Thief: Watched this on a lazy Friday based on failsafeman's good word a while ago. It was an alright movie. As a Mann crime movie, it doesn't touch Heat and it's got the excrutiating slow pace of old movies of the sort like Carlito's Way. It's basically a two hour character study more than any kind of action film. That said, it has some interesting themes, James Caan is badass, and the ending doesn't disappoint.

Caddyshack: Apparently I had no authority on comedies because I hadn't seen this. What to say? It was pretty funny. Not gut busting, but consistently amusing. The dialogue is rapid fire and you can tell there was lots of improvisation so I suspect it's the type of thing that gets better on repeat viewings. I didn't like Bill Murray in this. I can sort of see the appeal but his character is just pure trolling, 80's style. The dancing gopher is priceless, I'll give it that. But one of the top comedies of all time? As of right now, agree to disagree.

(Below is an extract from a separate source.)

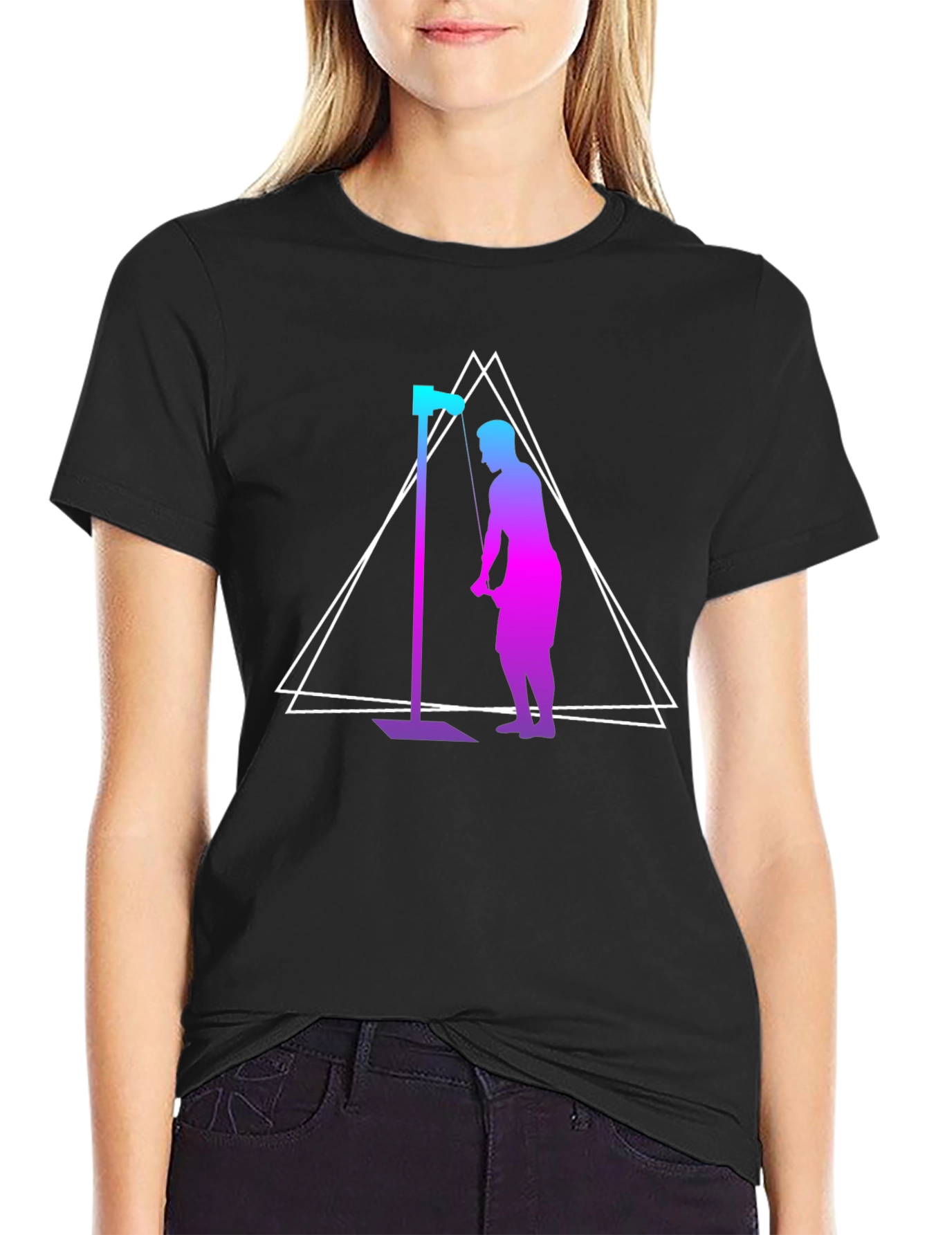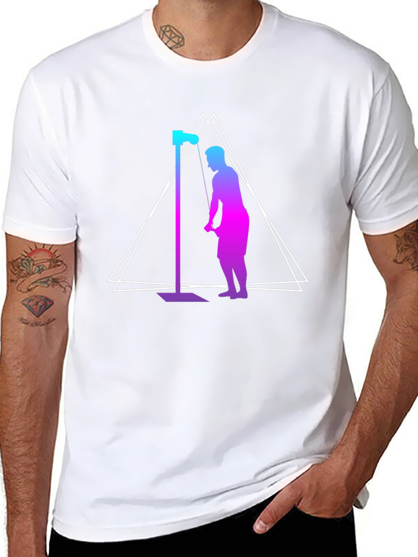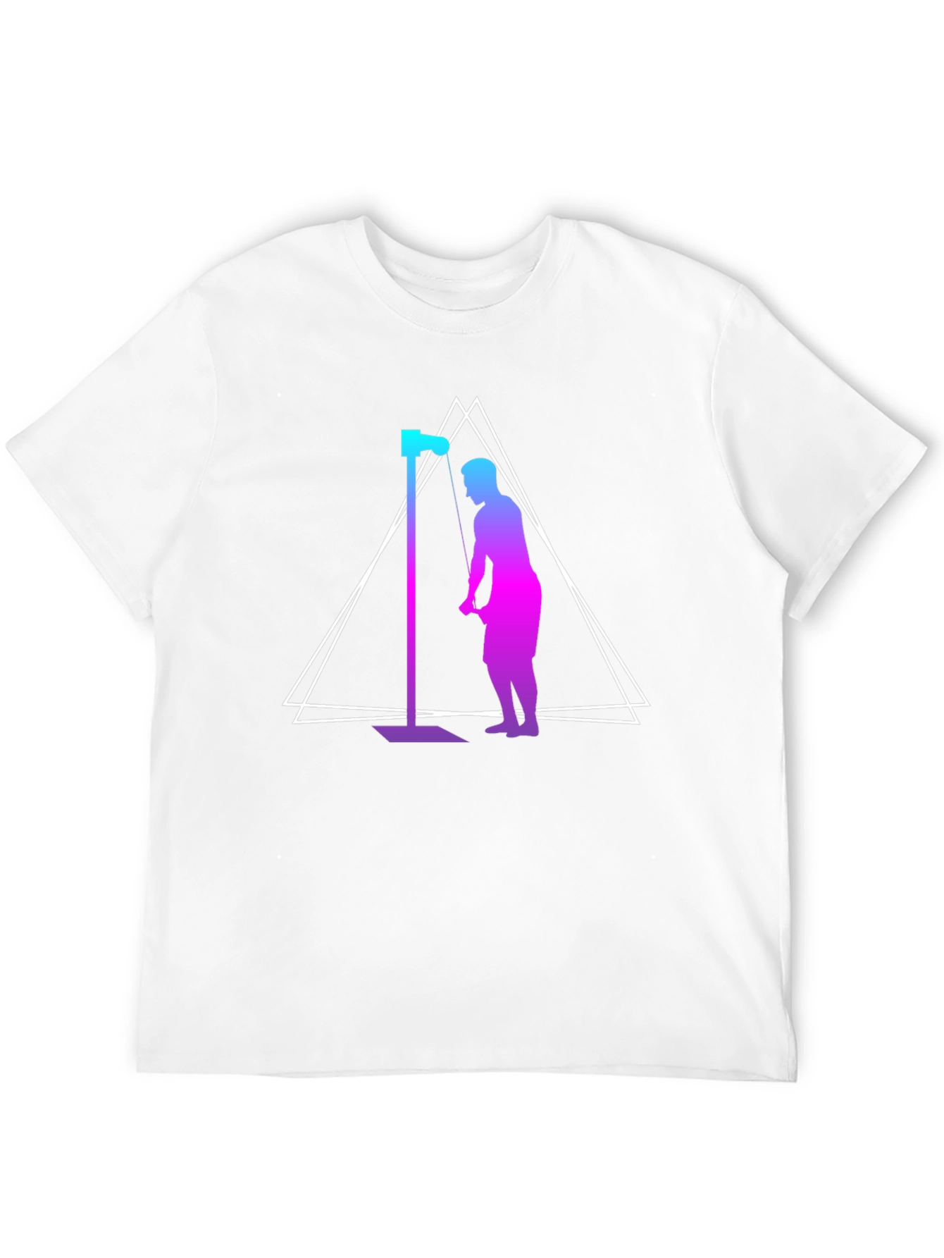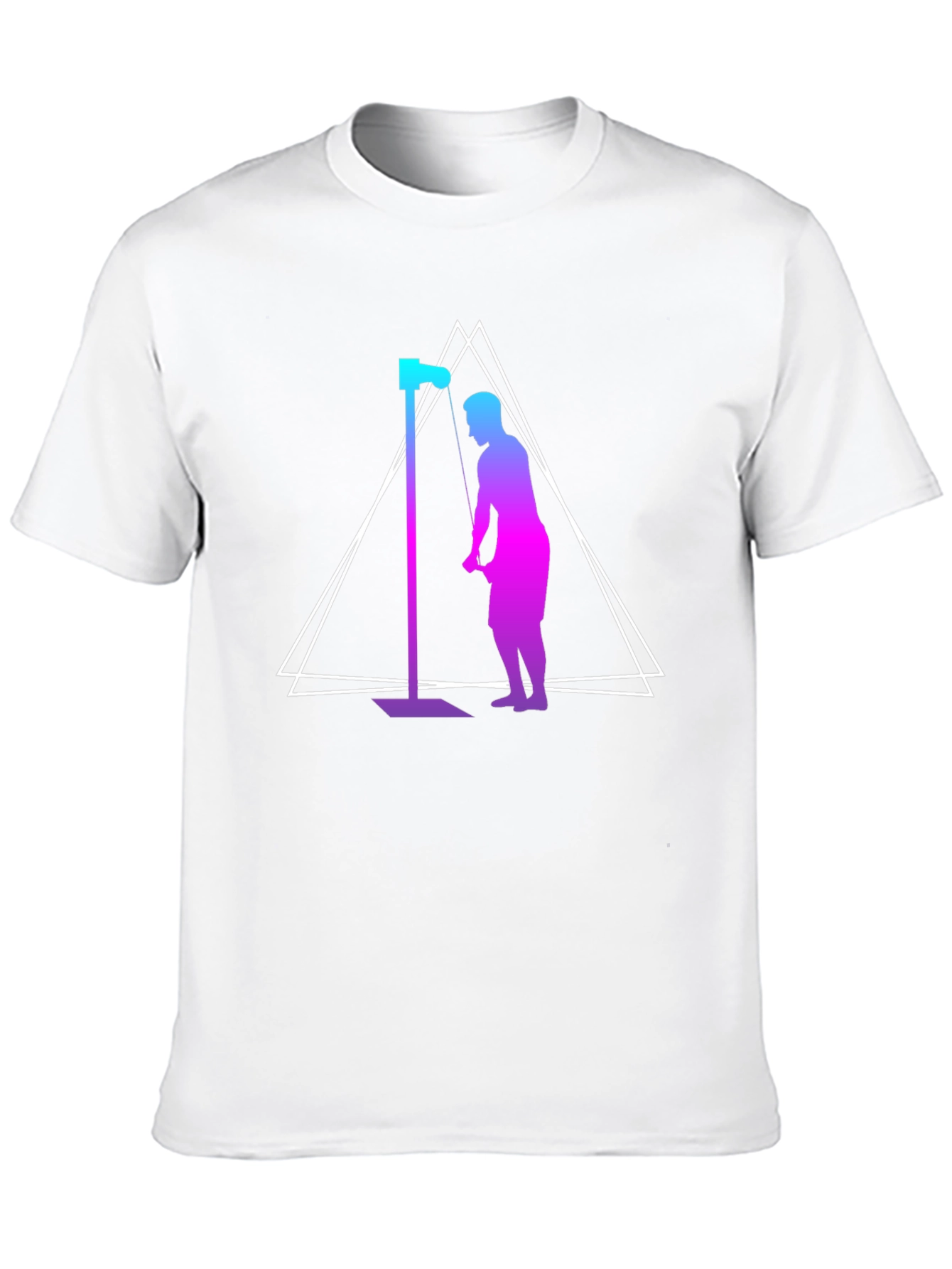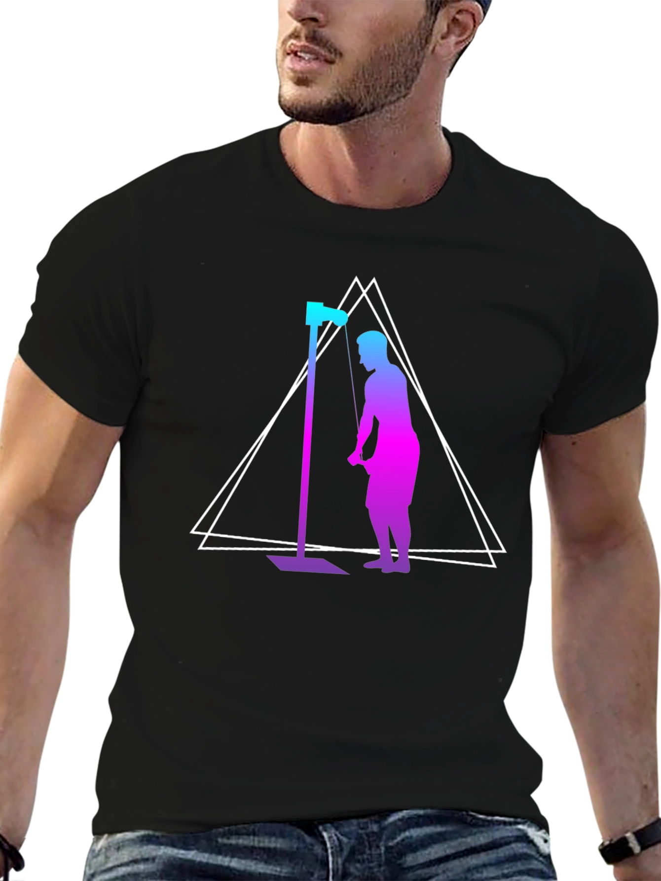 Elevate your workout style with this unique black tee. The eye-catching graphic features a stylized silhouette of a person doing a tricep pushdown exercise, set within a geometric triangle design. The vibrant color gradient adds a modern, energetic feel. Made from soft, breathable fabric, this t-shirt is perfect for the gym, casual wear, or layering under a jacket. Show off your passion for fitness and make a statement with this eye-catching design! Perfect for weightlifters, fitness enthusiasts, and anyone who loves a stylish, comfortable tee.

Hatchet : Man, this movie is retarded. It aims to be nothing else though, just a loving tribute to slasher flicks. The killer looks like a mongoloid hybrid of the Toxic Avenger and Jason Voorhees without his mask. Dumb yet strangely memorable characters exchange sometimes funny dialogue and get picked off one by one, then it ends with a very original Friday the 13th moment. It's just executed so lovingly, with almost amateur filming and fun to be had.
Edit: my main gripe is that the killer doesn't look original or all that cool. Even Cropsy from The Burning (who looked almost the same, 20 years earlier) looked cooler. Hatchet 2 is more of the same except it takes more than half it's running time to really get going and there's some leaps of logic. ( Crowley can rip a dudes insides out with his bare hands but I'm supposed to believe some fat dude can fist fight him for 5 minutes? Ok movie.)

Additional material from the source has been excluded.